====== EXERCISE MATERIAL ======

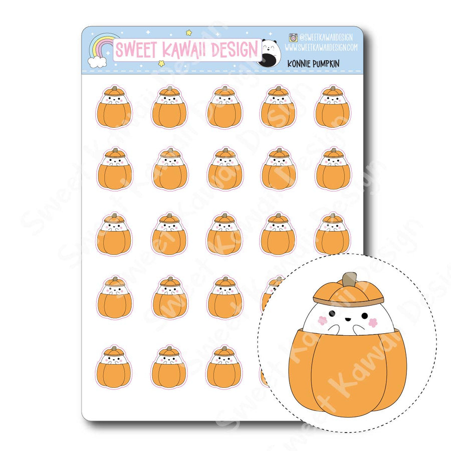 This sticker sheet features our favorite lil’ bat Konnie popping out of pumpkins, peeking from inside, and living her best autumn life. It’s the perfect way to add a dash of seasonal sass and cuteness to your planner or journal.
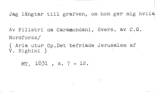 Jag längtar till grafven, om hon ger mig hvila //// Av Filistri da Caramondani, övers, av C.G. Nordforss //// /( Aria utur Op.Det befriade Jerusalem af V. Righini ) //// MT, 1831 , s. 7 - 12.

======
====== EXERCISE MATERIAL ======

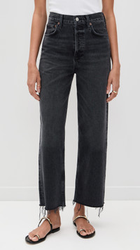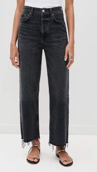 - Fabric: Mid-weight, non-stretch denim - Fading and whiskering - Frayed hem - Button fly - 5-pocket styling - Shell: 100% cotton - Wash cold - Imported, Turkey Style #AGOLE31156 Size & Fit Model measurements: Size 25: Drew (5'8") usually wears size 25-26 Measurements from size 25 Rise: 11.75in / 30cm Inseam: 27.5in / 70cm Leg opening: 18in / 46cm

======

**WHAT YOU WILL DO:** From the records above, copy exactly the lines starting at the one with "This sticker sheet" and ending at the one with "Jag längtar till", and no others. Pictures stay out.

**THE ANSWER:**
 This sticker sheet features our favorite lil’ bat Konnie popping out of pumpkins, peeking from inside, and living her best autumn life. It’s the perfect way to add a dash of seasonal sass and cuteness to your planner or journal.
 Jag längtar till grafven, om hon ger mig hvila //// Av Filistri da Caramondani, övers, av C.G. Nordforss //// /( Aria utur Op.Det befriade Jerusalem af V. Righini ) //// MT, 1831 , s. 7 - 12.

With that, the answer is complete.